The more and more and more you going the more obvious it is that you actually do not really know what you're talking about. You have your finger on the pulse of what is going on in the game development industry, but you've never been a part of it. You might have dabbled in game development, but you haven't actuallly been a part of anything substantial. If I were to guess I'd say you're in university doing a CS or Computer engineering degree, or you're fresh out of university. You've never actually used any of Khronos' products (hey I haven't either), yet you have the audacity to claim this product will fit Nintendo's needs without actually knowing what Nintendo's needs are. You have absolutely no right to make that claim. As I've said, if you think since it's theoretically possible then Nintendo can easily do it. You are way oversimplifying it, and you just can't see why.

Nope. Sorry, it doesn't work that way.

And the PSV and PS4 were not developed seperately. They were very much developed with each other in mind. They were originally designed to be far more integrated than they currently are, but they hey, life happened, technical challeneges arose,  budgets and time became a factor, and things had to be scaled back. This is what happens in the real world. Things can look great on the drawing board, but they have to be executed. You could quite literally be having the exact same conversation with me a few months before the vita was unveiled arguing the exact same points about why the PSV and PS4 should have near identical architecture and a near idential OS and how easy it would be for developers to make games for both if they did this. Heck there were rumors swriling about it around that time as well. You don't even realize the similarities of the two situations. Yet here we are with the PSV and the PS4 as they stand today. Didn't really go as a lot of people thought it would, did it?

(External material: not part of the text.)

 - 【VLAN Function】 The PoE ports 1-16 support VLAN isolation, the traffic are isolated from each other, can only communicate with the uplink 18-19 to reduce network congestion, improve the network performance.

I have every right to question Nintendo's execution in the hardware realm based on my experience with them. Don't believe me? Fine. That's your right. But as I said, when the NX is unveiled to the world, you might have a great big piece of humble pie to choke down. Be prepared.

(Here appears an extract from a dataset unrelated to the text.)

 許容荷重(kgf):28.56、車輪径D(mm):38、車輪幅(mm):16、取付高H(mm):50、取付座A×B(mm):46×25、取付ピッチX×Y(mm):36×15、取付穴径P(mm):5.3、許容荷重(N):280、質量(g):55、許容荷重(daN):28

Of course you care, otherwise you would never have made the claims you have. You want people to think you've made video games, because you think it will make you seem credible, it doesn't when you comment on this subject the way that you do. It always makes me laugh in these kinds of discussions when people scream loudly that they don't care what people think, yet they talk about things and bash their hands against the wall because someone's caught them out, acting like they have no interesting in proving themselves, they really don't need to LOL.

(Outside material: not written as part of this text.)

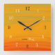 A warm and inviting wall clock featuring a horizontal gradient of sunset-inspired tones — from vibrant orange and carrot shades to hints of deep green. The smooth color transition evokes the serene beauty of the golden hour, when the day gently fades into evening.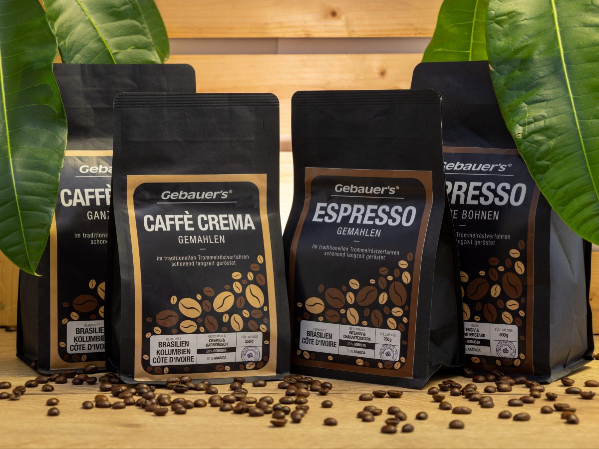 Unser Eigenmarken Kaffee ist fester Bestandteil des Gebauer’s Sortiments und steht für bewusst ausgewählte Qualität und verlässlichen Kaffeegenuss. Bei der Auswahl und Röstung legen wir Wert auf ein ausgewogenes Aromaprofil, das sowohl mild als auch vollmundig ist und sich vielseitig einsetzen lässt. Der Kaffee eignet sich für unterschiedliche Zubereitungsarten vom klassischen Filterkaffee bis zur Kaffeemaschine mit Mahlwerk und begleitet den Alltag ebenso wie besondere Genussmomente. Erhältlich als ganze Bohne oder gemahlen bietet unser Eigenmarken Kaffee Flexibilität und Komfort ohne dabei Kompromisse beim Geschmack einzugehen. Damit ergänzt er unser Eigenmarken Sortiment um ein Produkt auf das sich unsere Kundinnen und Kunden täglich verlassen können.

Really you're seeking approval.

Opening yourself up to DDOS attacks? LOL you're not a server, your a person (I think ;) ). You're basically not willing to show proof, because you don't have it, you've proven that you aren't what you claim to me with your comments. I don't have to take your word for it, because I understand the subject and I can see through your claims, I understand them for what they are. Anyone on these forums can make any claims they like, but if you really had the experience you claim to then it would be clear that was the case.

How ironic, it's funny that's actually the case with you.

Vulkan would fit all developer's use, unless they're a part of a company that has made their own low level API, with the ability for all CPU Cores to talk to any part of the GPU as and when a programmer needs it to. I have every right to state that Vulkan would be this, because that's exactly what it is LOL.

LMFAO yes they were. Vita was always designed to be a standalone device from PS4 or from any home console Sony were planning or using at the time of it's development. Remote play is as interated as it was going to be.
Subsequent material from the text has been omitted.